Fig. two: Jail cell density and proliferative property of grafted SCs.

a Low magnification images of longitudinal sections effectually the proximal injury sites 2 weeks subsequently SCs grafts. RFP expressing SCs of all types fulfill injured nerves. Arrowheads indicate the proximal injury sites marked by small cuts. Left is proximal. Scale bar, 500 µm. b RFP expressing grafted SCs at proximal, centre, and distal ane-tertiary of graft areas. Scale bar, 100 µm. *: High magnification paradigm of the boxed surface area. Scale bar, x µm. c Quantification of the density of grafted cells at seven.five, xv, and 22.five mm points from the proximal injury site. At the vii.5 mm point, SCPs and ISCs graft subjects demonstrate statistically college densities of RFP expressing cells than RSCs and non-RSCs subjects. Half-dozen rats per grouping. *P < 0.05 vs. northward RSC and non-RSC, One-way ANOVA with the Tukey–Kramer test. Error bars represent the SEM. d High magnification images of Ki67 immunolabeling at the proximal, middle, and distal one-third of graft areas.
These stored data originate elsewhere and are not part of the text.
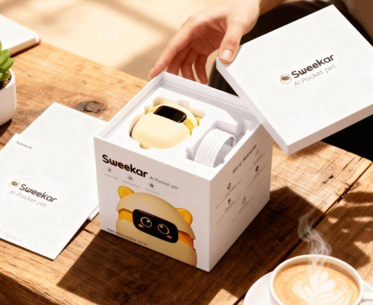 Sweekar 是一款内置 AI 的掌心大小玩具宠物,外形是一个可爱的蛋形设备,有耳朵和一个屏幕作为面部。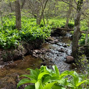 我が家のやまを流れる小川。 カタクリもショウジョウバカマも 花は終わり バイケイソウがモリモリしてきたしまよ🌿🎶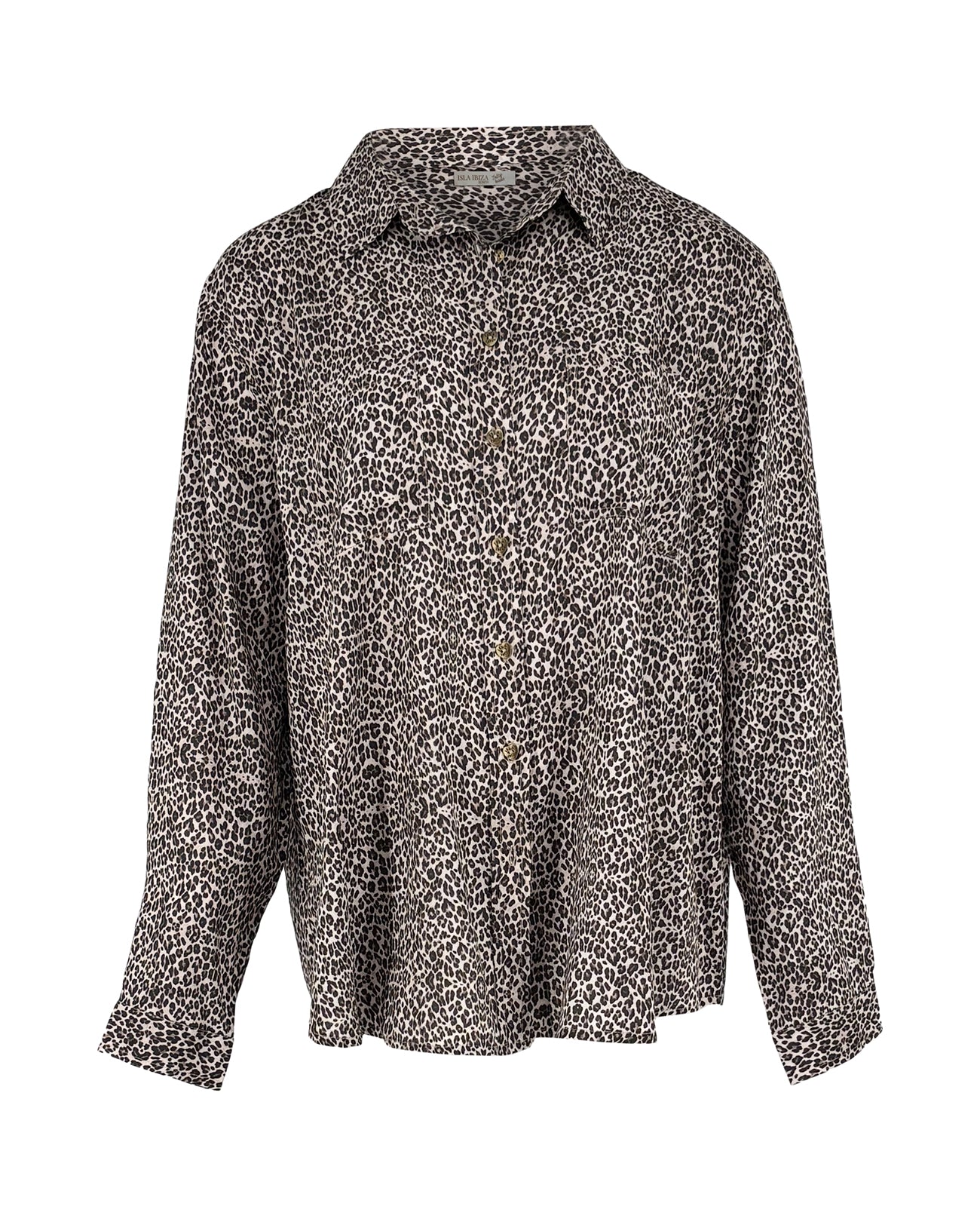Product gegevens: Soepelvallende blouse met kraag en halve knoopsluiting, met leuke luipaard printContenido de la pestaña plegable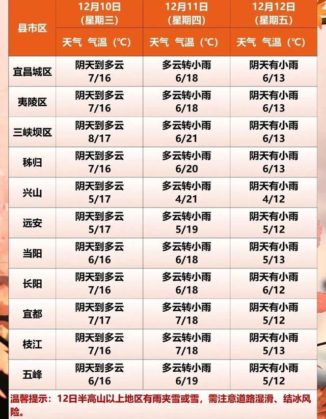 根据最新气象资料分析,受强冷空气影响,预计11日夜间至13日,宜昌将有寒潮大风及雨雪天气,日平均气温将下降5-8℃,局部可下降10℃以上,14日早晨最低气温将下降至1℃左右,高海拔地区最低气温将下降至-5℃以下,12日西部高海拔地区有中雪,积雪深度3-5厘米。

Scale bar, 20 µm. e Quantification of the density of Ki67 immunolabeled RFP expressing graft cells at seven.5, 15, and 22.5 mm points from the proximal injury site. Developing SCs take more proliferating than mature SCs afterwards grafting. *P < 0.05 vs. non-RSC and RSC, **P < 0.05 vs. other three groups. One-mode ANOVA with the Tukey–Kramer test. Fault bars represent the SEM.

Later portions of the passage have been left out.